PHOTO: SUBHA AIRAN-JAVIA

Raag Airan

Raag Airan received his undergraduate degrees in mathematics and physics from the Massachusetts Institute of Technology and his M.D. and Ph.D. in bioengineering from Stanford University. He then completed a clinical residency in radiology and a fellowship in neuroradiology at Johns Hopkins University. He is now an assistant professor of radiology at Stanford University, where he is developing methods to interrogate and treat the brain, principally through the use of focused ultrasound and ultrasound-mediated focal drug delivery. www.sciencemag.org/content/357/6350/465-A

Current strategies for clinical neuromodulation are limited by either high invasiveness, low precision, or poor depth of penetration. Deep brain stimulation (DBS) and other electrical strategies for deep brain neuromodulation necessitate the use of invasive device placement. Similarly, optogenetic interventions generally require the placement of a fiber-optic cable into the tissue for light delivery and would necessitate gene therapy. Noninvasive techniques for electrical neuromodulation, such as transcranial magnetic stimulation (TMS) or transcranial direct current stimulation (tDCS), on the other hand, have an overly broad spatial extent and limited depth of penetration.

The National Institutes of Health BRAIN Initiative has therefore identified a critical need for technologies capable of noninvasively modulating the activity of the living brain, at any depth, with high spatial and temporal precision and with high clinical translation potential (1). Our recent work on focused ultrasound and nanotechnology is exactly such a technology (2). I have been interested in new techniques for neuromodulation since completing my graduate studies with Karl Deisseroth at Stanford. For my thesis, I developed the optoXRs, a family of opsin-receptor chimeras that control G protein-coupled signaling pathways using light (3). Using optoXRs, we were able to control not just neuronal firing and intracellular calcium fluxes in the mouse brain but also conditioned place preference, a behavioral model of reward and addiction.

My graduate work, which sought to establish optogenetics as a highly precise neuromodulatory technique, convinced me of the need for better tools to dissect brain circuits. My experiences as a medical student, and now as a practicing physician, have further compelled me to focus on techniques with high clinical translation potential.

Ultrasound as a Tool for Neuromodulation

Focused ultrasound (FUS) is a near-ideal modality for clinical noninvasive neuromodulation, because it can efficiently deliver energy at significant depth throughout the body. Clinicians worldwide, including myself, routinely use focused ultrasound to noninvasively ablate deep brain regions (4). FUS can create millimeter-sized sonication foci in magnetic resonance imaging (MRI)-defined brain regions, across intact skin and skull, while the patient is awake and participating in a neuropsychiatric exam.

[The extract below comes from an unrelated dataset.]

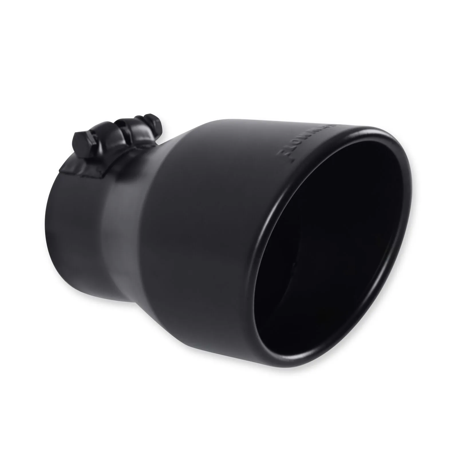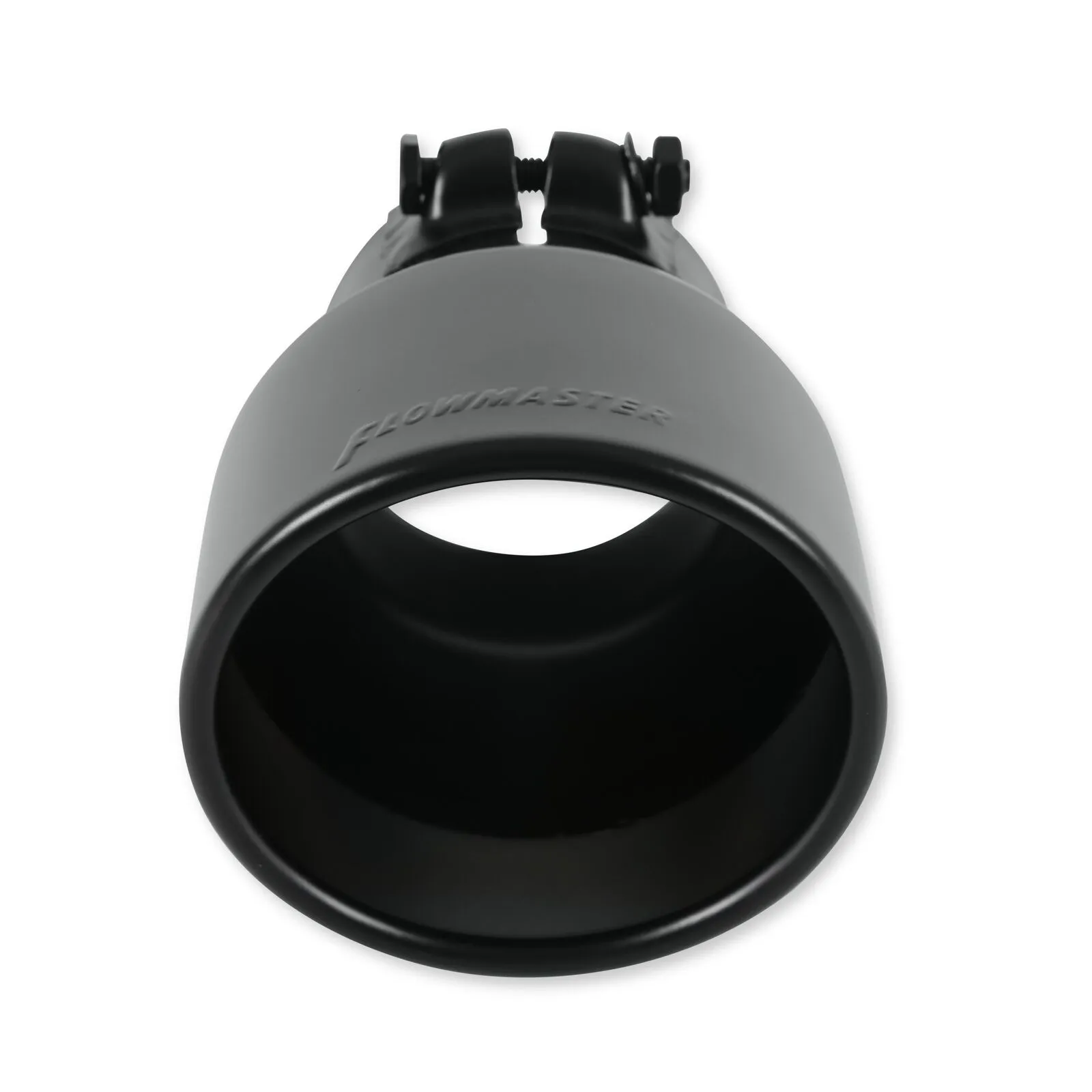 This black ceramic coated tip is a great way to customize your vehicle. Designed for 3.00-inch tailpipes, this 4.500-inch tip is 7.00-inches long, has an angled rolled edge and is finished off with the Flowmaster logo embossed at the end of the tip. This is a clamp on style tip to allow for an easy installation with basic hand tools. Backed by Flowmaster's three year Limited Warranty.

Several groups have explored using FUS for neuromodulation of the brain and peripheral nerves. This literature extends from the work of the Fry brothers in the 1950s (5) to recent works across a range of preparations, including salamander retinae (6), mice (7, 8), nonhuman primates (9), and even humans (10, 11).

In these experiments, the intensity and duty cycle of the applied ultrasound were low enough that no appreciable tissue temperature rise or damage to the brain parenchyma was likely. However, the mechanism by which FUS yields a neuromodulatory effect is hotly debated and, to some, a matter of controversy (12). Certain investigators go so far as to describe this effect as a probabilistic rather than a deterministic one (13). For clinical applications, a robust and deterministic neuromodulatory mechanism of action is needed.

Prior to the work described here, I had verified through simulation studies that a clinical FUS system can develop a sonication focus in most brain regions that would be targeted for neuromodulation, including both cortical and subcortical locations, and in locations near the skull base (14). I had also experimentally confirmed that blood-brain barrier opening—an application demanding similar sonication pressures and duty cycles as those needed for neuromodulation—can be completed by sonicating across a human skull with the focused ultrasound transducer that I incorporated into the prior simulation (15). The last piece of the puzzle was to identify a robust neuromodulatory mechanism to couple with the efficient energy delivery of FUS.

Just Add Nanoparticles

In 2015, I turned to FUS-mediated drug delivery, because it is known that pharmacology can provide a robust neuromodulatory effect. I mainly considered methods that did not rely on a tissue temperature rise, because heating alone can bias neural activity and lead to tissue damage and because obtaining a reliable increase in tissue temperature near the skull base is uniquely challenging (4).

Phase-change nanoparticles, on the other hand, provide an ideal drug-delivery approach for neuromodulation. In these particles, a perfluorocarbon core undergoes a liquid-to-gas phase transition when sonicated at a sufficient peak negative pressure (16). That phase change, with its associated volume of expansion, induces the release of drug cargo.

This mechanism does not rely on a particular temperature rise but instead relies on the mechanical action of ultrasound. Additionally, the vaporization event can be induced with millisecond- or even microsecond-long ultrasound pulses (17), which is more suitable for the interrogation of neural circuits. It is also more straightforward to achieve a particular peak negative pressure than a specific temperature increase in peripheral brain regions.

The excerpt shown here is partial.